As the list contains all rational numbers from 0 to 1 (exclusive), the new number is between 0 and 1 (exclusive), and the new number isn't on the list (as it differs from each listed number in at least one position - the shaded digits), the new number is irrational. This also shows that there are more real numbers than natural numbers (if there are as many of the latter as the former, a list could be made containing all real numbers, then the same trick can be applied to arrive at a contradiction)

## The number line

The number line is a visual that can be used to grasp the real numbers. It works by picking a point, called the origin, which will represent 0, and a unit length in some direction.

Addition on the number line can be done as follows: Say you want to do 5+3. Start with two copies of the number line, overlaid such that all numbers map to themselves. Slide the second number line such that its 0 is laid over the first number line's three. The second number line's five will map to the first number line's 5+3, or 8.

Subtraction on the number line can be done as follows: Say you want to do 5-3. Start with two copies of the number line, overlaid such that all numbers map to themselves. Slide the second number line such that its three is laid over the first number line's zero. The second number line's five will map to the first number line's 5-3, or 2.

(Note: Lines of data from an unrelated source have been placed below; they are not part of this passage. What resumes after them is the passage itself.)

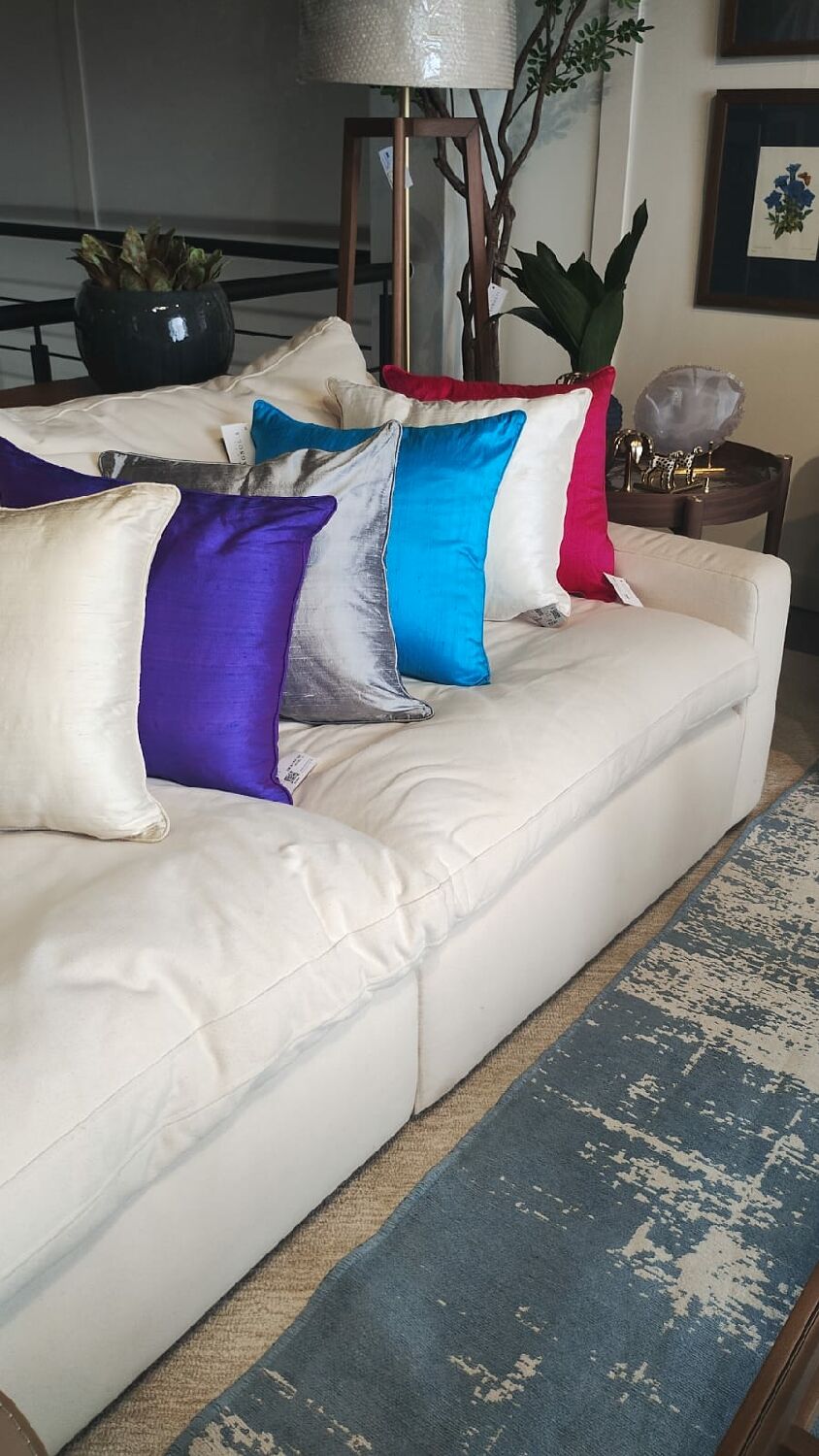 Almofada Shantung de Seda Turquesa com enchimento Quaker Downsense.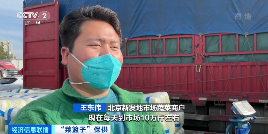 北京新发地市场蔬菜商户 王东伟:今年产地大白菜丰收,现在每天到市场10万斤左右,价格为一斤0.4元到0.5元左右,比上周下降10%。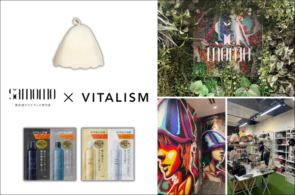 「いい風呂の日」記念!日本初のサウナグッズ専門店「samomo」とトータルケアブランドVITALISMのコラボが決定!サウナハットご購入でシャンプー&コンディショナーのトライアルパウチをプレゼント!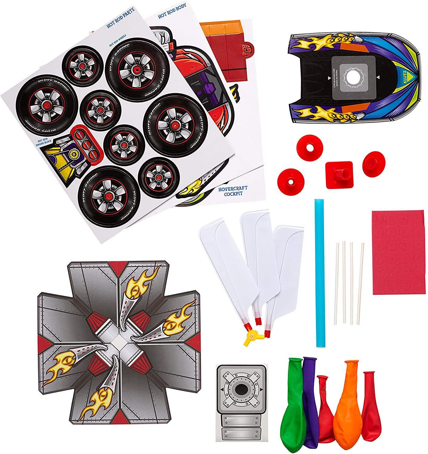 Air Power makes rocket science as easy as blowing up a balloon and letting go. This book and science kit in one delivers rocket-propelled fun with four easy-to-assemble vehicles -- race a sturdy cardstock hot rod across the floor, glide a hovercraft over the dining table, take flight with a helicopter, and blast off with an only-from-Klutz balloon-powered rocket. Tweak, tinker, and experiment to make your balloon-powered craft go as fast as can be. Our book contains super-clear building instructions, scientific principles, and real-world examples that make rocketry and jet propulsion simple. Air Power brings a breath ? make that a blast ? of fresh air to Sir Isaac Newton?s famous Laws of Motion. It turns out that rocket science is way too much fun to leave to the rocket scientists. Comes with: 48 page instruction book, 4 plastic parts (2 mouthpieces, thrust vent for hovercraft, blast cap), straws for blast pipes, 8 wheels, 4 axles, one hot-rod body, one hovercraft body, rocket fins and tube, helicopter blade assembly, three 9" balloons, two 6" balloons. Note: balloons contain Latex .

Multiplication on the number line can be done as follows: Say you want to do 5*3. Start with two copies of the number line, overlaid such that all numbers map to themselves. Keep the origins on both number lines fixed and stretch the second number line such that its 1 is on the first number line's 3. The second number line's 5 will map to the first number line's 5*3, or 15.

Division on the number line can be done as follows: Say you want to do 5/3. Start with two copies of the number line, overlaid such that all numbers map to themselves. Keep the origins on both number lines fixed and stretch the second number line such that its 3 is on the first number line's 1. The second number line's 5 will map to the first number line's 5/3, or 1.6.